Just last week, data obtained from freedom of information requests led to claims that the NHS treated mental health care as a “second-class service”. Indeed, thousands of mentally ill patients have been forced to travel “hundreds of miles” for treatment in recent years. Extreme cases have seen patients being forcibly sectioned so that they can receive care in overcrowded wards. Even medical students have resorted to asking for greater teaching on psychiatry, highlighting the derisory attention that mental health issues receive. Yet the state of mental health services is unsurprising considering that they receive only 13 per cent of the NHS budget, despite mental illness affecting around a quarter of the UK population.
Worse still, national spending on mental health has consistently decreased over the past three years. And the trend isn’t limited to adult care; mental health services for children and adolescents have also seen a fall in funding. This decline seems even more irrational considering adolescence is the period when many mental illnesses first manifest, and that hospitals are recording a rise in hospital admissions for conditions such as eating disorders.
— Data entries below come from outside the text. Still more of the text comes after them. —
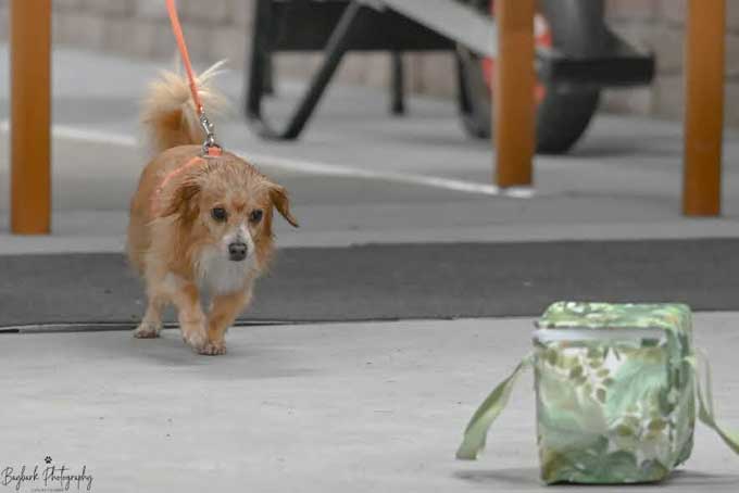 ゼッケン番号を呼ばれたら競技エリアへ進む。イナリはリードを引っ張るように走って向かう。早くノーズワークをやりたい気持ちが伝わってくる。
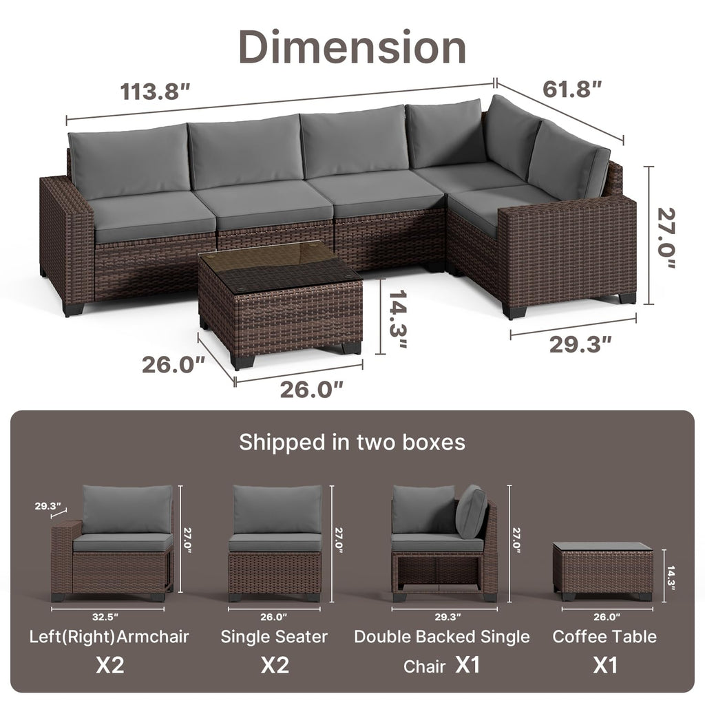 6-Piece Outdoor Patio Furniture Set, Pe Rattan Wicker Patio Sectional Conversation Sofa with Coffee Table for Garden, Backyard, Poolside, Lawn, Porch - Gray
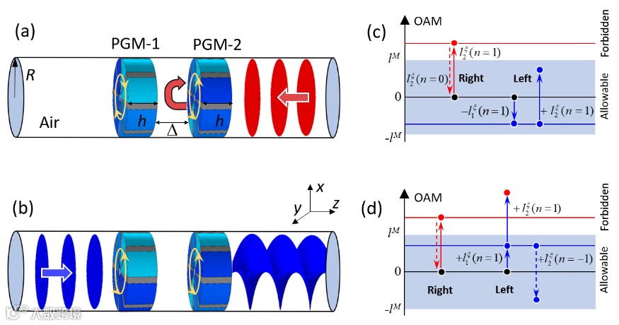 非对称传输现象因其在实现单向器件上起着重要作用而受到研究人员广泛的关注。近年来,为实现光/声的非对称效应,研究人员探索了许多方案,例如磁光材料、非线性、非厄米、拓扑绝缘体以及超构表面等,并揭示了诸如单向模式转化、非对称衍射和单向等离激元激发等众多新奇现象。然而,这些方法主要局限于低自由度的平面波场,很难拓展到更高维度的结构波场,例如,具有轨道角动量(OAM)的涡旋场。
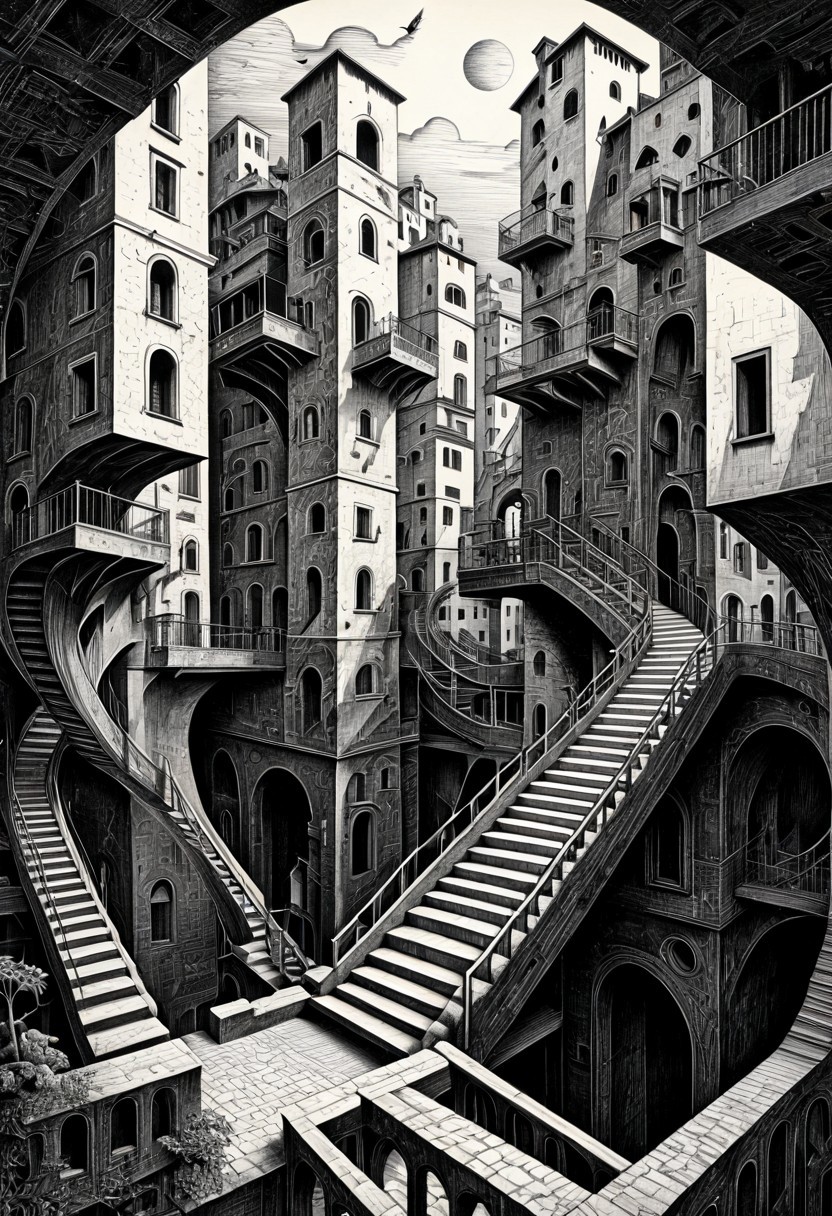 (surrealist ink drawing:1.5), (M.C. Escher), (intricate cross-hatching:1.6), (impossible architecture:1.7), (labyrinthine cityscape:1.6), (staircases leading to nowhere:1.5), (floating bridges defying gravity:1.6), (black-and-white high-contrast shading:1.5), (optical illusion depth:1.7), (distorted perspective:1.6), (doorways opening into the void:1.5), (ethereal lighting casting shifting shadows:1.6), (surreal dream logic:1.7), (geometrically complex:1.5), (esoteric and mind-bending atmosphere:1.6), (hyper-detailed pen strokes:1.7), (mathematically precise yet chaotic:1.6), (otherworldly:1.5), (darkly elegant:1.6), (legendary surrealism:1.7).

The budget cuts have had a noticeable impact, with doctors citing the changes as a cause of “avoidable deaths and suicides,” while mental health organisations claimed that the cuts “put lives at risk”. Mental illness also has a significant impact on a patient’s quality of life, and is thought to contribute to poor physical health, having been associated with diabetes, cancer and cardiovascular disease. As well as the ethical concerns of these cases, such neglect of the mentally ill also has practical implications; a report by the London School of Economics found that the NHS could save over £50m a year by reversing budget cuts to preventative and early intervention therapies.
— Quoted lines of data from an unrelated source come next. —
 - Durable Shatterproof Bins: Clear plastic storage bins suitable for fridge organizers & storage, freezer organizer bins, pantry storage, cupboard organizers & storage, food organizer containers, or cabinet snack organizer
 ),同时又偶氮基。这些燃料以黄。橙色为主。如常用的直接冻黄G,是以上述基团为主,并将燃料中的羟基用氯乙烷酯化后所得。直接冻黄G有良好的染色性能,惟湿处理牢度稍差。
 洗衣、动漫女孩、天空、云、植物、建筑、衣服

Yet perhaps the most striking aspect of the decrease in funding comes from the comparison with other areas of health care. The government, for instance, took great pride in announcing that the Cancer Drugs Fund would be ring-fenced until 2016. While it would be wrong to question the severity of diseases such as cancer, it is worth considering that this budget is reserved for treatments that aren’t ordinarily commissioned because they are not cost-effective. Given the nature of the NHS’s funding crisis, it seems unfair to fund relatively inefficient treatments, while the NHS’s most vulnerable patients are left without basic care.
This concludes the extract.